Ecco qualche altra pagina del romanzo “Il fiume”, che è acquistabile qui. Buona lettura!
«Sai, non avevo mai pensato prima di fare… beh, mi hai capita, no?»
Quanto pudore le si poteva leggere sul viso. Era fatta così. Forte, determinata, ma di una pulizia di sentimenti totale. Nel dormiveglia, quella notte, disse una frase che mi colpì.
«So che tu non credi e non vuoi sentir parlare di queste cose, ma sono convinta che quello che abbiamo fatto non sia peccato. Non per noi!»
Adesso so cosa volesse intendere. Adesso che è così lontana. Per lei no, non era peccato. Per me sì. Mi ero arrogato il diritto di disporre di lei, del suo corpo. Della sua testa, anche. Avevo raggiunto il mio scopo, anche se di mio avevo messo poco. Era stata lei, nonostante quella frase che voleva escludere ogni sua premeditazione, a condurre i giochi. Io mi ero limitato ad accettare, sicuramente di buon grado, quella situazione. Molte volte, durante i suoi discorsi, fece menzione di quella sua prima volta. Che, d’altra parte, era stata anche la mia. Ne parlava sempre col sorriso sulle labbra, ma mai in pubblico. Non ne avrebbe mai avuto il coraggio. O, più semplicemente, la voglia. Pare che il ricordo del primo rapporto sia qualcosa di indelebile, per una donna. Forse è per questo che noi uomini siamo così fortemente legati al concetto di verginità femminile. Togliere l’illibatezza equivale a farsi ricordare per sempre. Magari con odio, dopo una storia finita male. Magari con rimpianto, dopo altre dieci terminate peggio. L’importante è il ricordo. A me non importava nulla di essere diventato parte integrante e incancellabile della sua vita. L’importante, per me, era il soddisfacimento delle mie esigenze, la piena espressione del mio egoismo. Fino all’altra notte, tutte le volte avevano lo stesso significato. Non una che spiccasse tra le altre per un qualunque motivo. Ciascuna era solo, immancabilmente, una volta in più. Hanno preso significato tutte insieme, alle tre di un mattino scosso da un temporale di violenza inaudita. Quell’estate mi vidi, mio malgrado, trascinato in una vacanza in bungalow.

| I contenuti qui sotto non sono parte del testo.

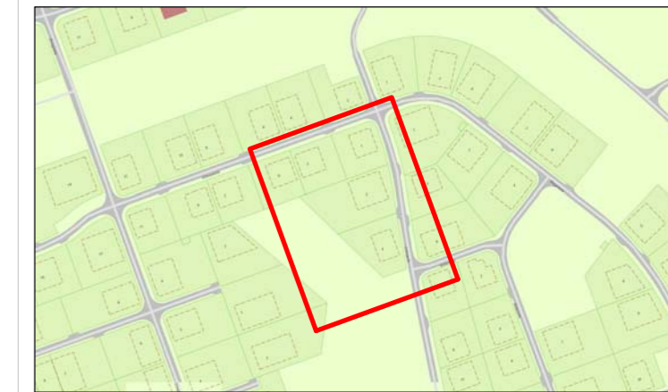
Heiluhraun 3. áfangi - Deiliskipulag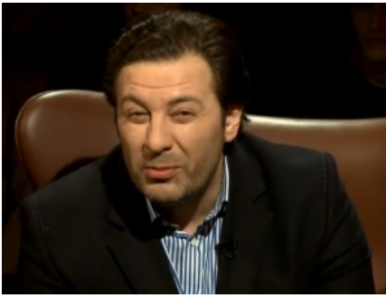
Минаев видит в тебе ДухLess

и он сам. По сути весь пересказ. В конце персонаж философски самоликвидируется , что при других обстоятельствах могло бы доставить, но... В довершение кинуть ложку говна: феерически похоже на «99 Франков» «Faserland» Кристиана Крахта.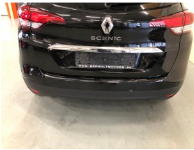
Achterbumper - Deuk(en)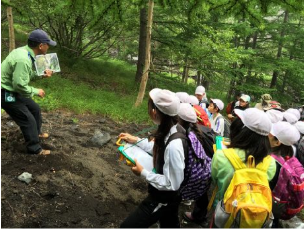
7/25 御殿場市立高根小学校の富士山学習に協力し、事前調査を行ない学習プログラムを作成、会員8名が講師を務めた。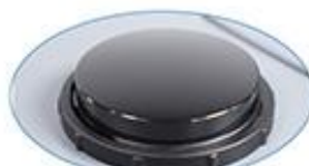
Capteur PIR intégré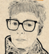
Mosaïque, La fabrique, sculpture, design & décoration Valérie FREMONT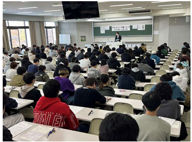
スタンダードコースの本学受験会場

法学検定試験は、公益社団法人商事法務研究会法学検定試験委員会が実施する法学全般に関するわが国唯一の検定試験で、ベーシック〈基礎〉コース、スタンダード〈中級〉コース、アドバンスト〈上級〉コースの3コースで実施されています。この試験は例年11月に全国規模（札幌市、仙台市、東京都（A地区・B地区）、愛知県、京都市、大阪府、岡山市、愛媛県、福岡市、沖縄県の11会場）で実施されます。本学では、法学部の教職員が試験実施を担うことによって、江別校舎が在学生向け団体受験会場となっています。このような体制を整えることによって受験者は年々増加傾向にあり、今年度はベーシックコース、スタンダードコースの受験者数がそれぞれ187名、165名（過去最高）でした。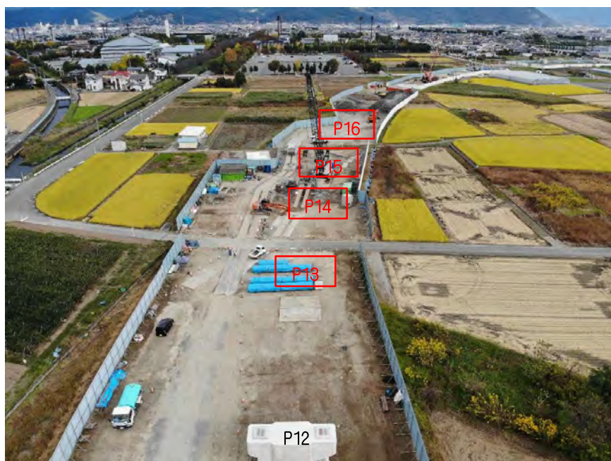
【 上空からドローンにて現場を撮影 】

現在、当工事においては11月中旬頃まで場所打杭の作業予定であり その後は橋脚躯体工の作業に入ります。 地域の皆様やご通行の皆様方にはご不便ご迷惑をお掛けしているところでは ございますが、安全第一で工事の進捗を図って参りたいと思っておりますので 何卒ご協力のほどよろしくお願いいたします。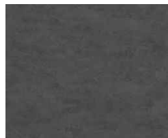
ヴィンテージメタル柄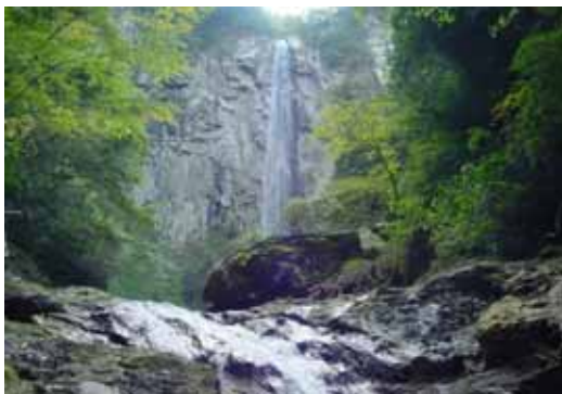
駅館川（東椎屋の滝）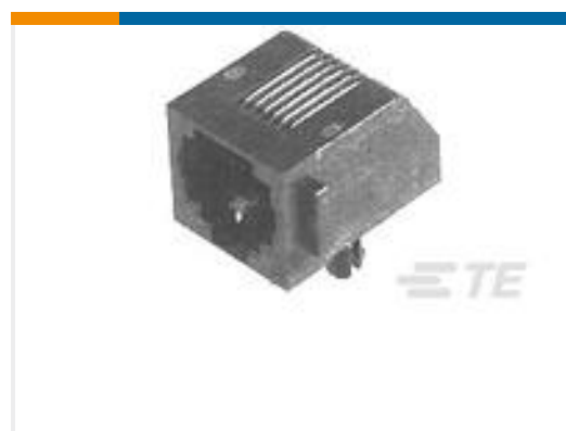
TE 产品编号5555163-1 MJ,LPF,R/A,6P/6C,PNL STOPS,BU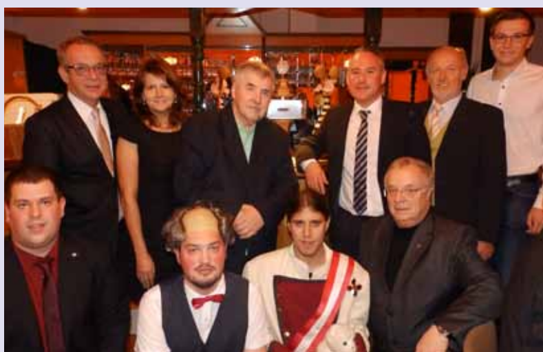
Mit einem unterhaltsamen Sketch eröffnete die katholische Jugend Gmünd ihren bereits fünften Ball in der Taverna Perikles in Gmünd zum Thema „K & KJ Hofbalty“.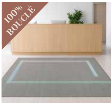
Natural Lines GREY/GREEN 250x350 cm. Mdl. lejepris DKK 100,-

Lej eksklusive, håndvævede tæpper i 100% New Zealand uld, der tilfører varme og forbedret akustik til både kontor , møderum og reception . Vores tæpper er skabt i højeste kvalitet til daglig brug i erhvervslivet og er både slidstærkt og rengøringsvenligt. Tæpperne tilbydes til en fast, lav månedspris..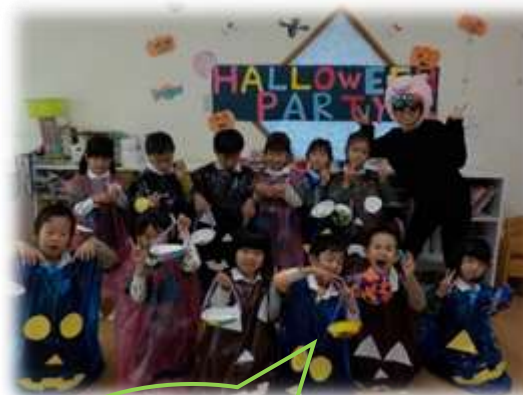
仮装してハロウィンパーティーをしました♪

«Allora siamo d’accordo. Due settimane al mare, tra la fine di luglio e i primi d’agosto, non ce le toglie nessuno»
«Guarda che io non mi muovo di qui. Tutti i tuoi progetti sono assolutamente inutili. Ho un sacco di cose da fare e, poi, non me ne frega assolutamente di andare a patire il caldo in Riviera!»
«Ma su! Non è possibile che tu faccia sempre tante storie! Nemmeno se ti portassi in un campo di concentramento! E poi ho già anche prenotato.»

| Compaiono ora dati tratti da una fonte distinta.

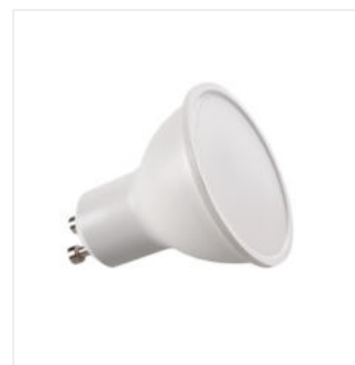
TOMiv2 6,5W GU10-NW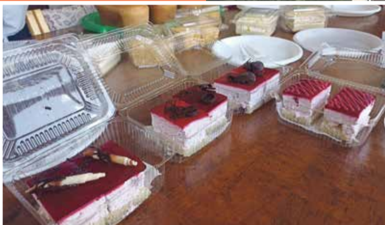
■ Пирожные с суфле

было ими и ограничиться, ведь товар и так пользуется спросом. Однако технологи и пекари предприятия ежедневно трудятся над созданием новых рецептов, направленных на то, чтобы люди становились здоровее. Как ни крути, а хлеб мы употребляем ежедневно — и на завтрак, и на обед, и на ужин. И даже перекусы не обходятся без какой-либо булочки. Так уж мы устроены.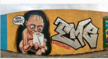
شكل (21) العينة (3) بلدي الثمين. الفنان ايمي فريثنكر، 2020، ألوان اكريليك. بتقنية الاستنسل المانيا برلين.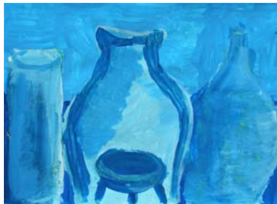
Žiga Živko, 9. b

Delali bi snežaka, se kepali, imeli ga za junaka in se ne pretepali. Ptičem hišico zgradili, noter hrano nanosili. Dom svoj uredili, ga popestrili in uživali ter praznovali.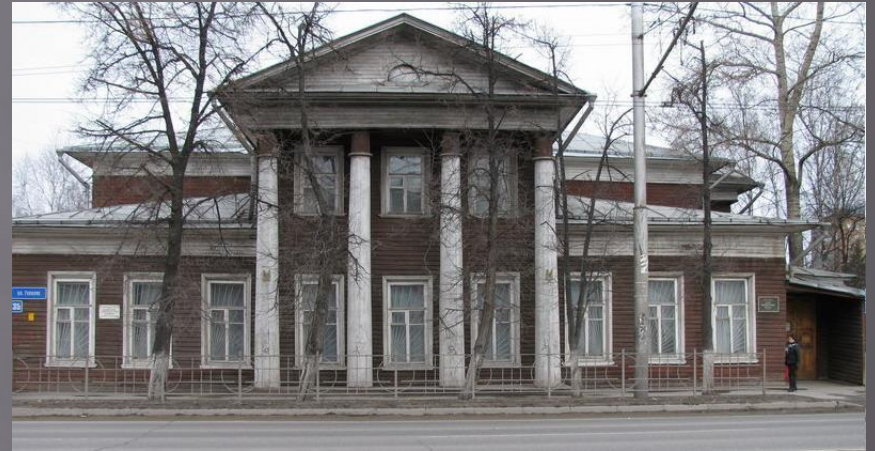
музей Дипломатического корпуса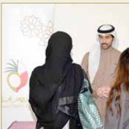
الجامعة الملكية للبيات

الجازة على مدى الدورتين الماضيتين نجاحاً متزايداً تمثل في جودة الأعمال المقدمة سواء على المستوى الفردي أو حتى المستوى الجماعي، الأمر الذي يعكس قيمة العمل التطوعي الشبابي في مملكة البحرين، ورغبة الشباب البحريني من الجنسين في عمل الخير. وتشكل جائزة الشخة حصة بنت سلمان للعمل التطوعي إحدى مبادرات دعم وتعزيز روح العمل التطوعي لدى الشباب في مملكة البحرين، بما يعزز من مجلات العمل التطوعي لدى الشباب البحريني من الجنسين، ويشجعهم على المبادرة والإبداع؛ من أجل تعزيز المبادرة والإبداع؛ من أجل تعزيز العمل التطوعي لدى الشباب في مجال الشرب تاريخياً، وكان سبباً في إزدها مجتمعها المدني.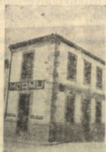
San Isidro, núm. 1 POZOBLANCO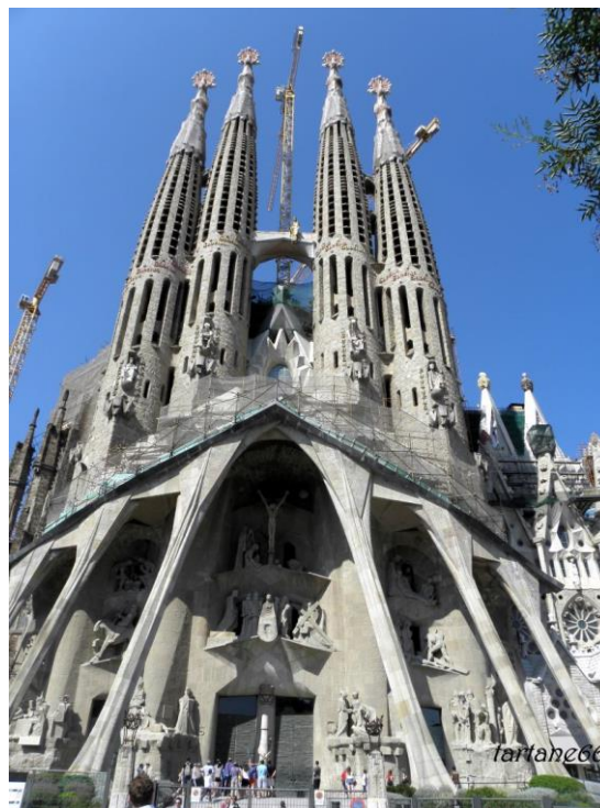
La façade de la Passion

«Un motivo in più per non venire. Hai fatto tutto senza chiedermi niente, per farmi trovare davanti al fatto compiuto, vero? Beh, hai sbagliato i tuoi conti!»

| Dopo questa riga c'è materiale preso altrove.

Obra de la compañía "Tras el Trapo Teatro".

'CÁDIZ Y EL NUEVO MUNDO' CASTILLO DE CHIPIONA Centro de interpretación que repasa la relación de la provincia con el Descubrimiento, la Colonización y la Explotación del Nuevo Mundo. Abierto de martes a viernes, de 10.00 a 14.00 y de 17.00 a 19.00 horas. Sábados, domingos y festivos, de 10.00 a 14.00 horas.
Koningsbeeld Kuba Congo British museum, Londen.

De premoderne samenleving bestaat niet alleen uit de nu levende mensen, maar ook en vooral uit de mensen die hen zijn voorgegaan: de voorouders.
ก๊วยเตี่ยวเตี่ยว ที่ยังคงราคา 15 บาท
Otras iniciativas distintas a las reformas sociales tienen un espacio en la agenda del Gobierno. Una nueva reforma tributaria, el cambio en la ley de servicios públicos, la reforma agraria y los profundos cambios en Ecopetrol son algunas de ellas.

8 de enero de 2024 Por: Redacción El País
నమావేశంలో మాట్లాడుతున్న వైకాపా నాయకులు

La mia protesta non fu molto efficace, anche perché, giorno dopo giorno, mi convinsi che quella sarebbe stata un’ottima occasione, senza genitori o nonni tra i piedi. Peggioravo a vista d’occhio, sotto questo aspetto. Stavo addirittura riducendo le mie visite al cimitero. Un po’ per i ritmi che Mara stava cercando di impormi, un po’ perché sentivo molto di meno la spinta emotiva che mi aveva accompagnato fino ad allora. Se prima potevo essere considerato scontroso, asociale, anche matto, da qualche tempo stavo diventando schifosamente opportunista. Cattivo, per dirla con una parola. Il freddo della morte lasciava lentamente il passo al gelo di un ego senza sentimenti. Credo che, tutto sommato, il periodo che aveva preceduto il mio incontro con Mara fosse scivolato via senza la stessa aridità che ha contraddistinto gli ultimi anni. È semplicemente assurdo. Il bene ha generato il male. I buoni sentimenti di una ragazza come ne esistono poche, al giorno d’oggi, non hanno fatto altro che scatenare il buio di una notte senza stelle. Una notte che, immancabilmente, ha colpito anche lei.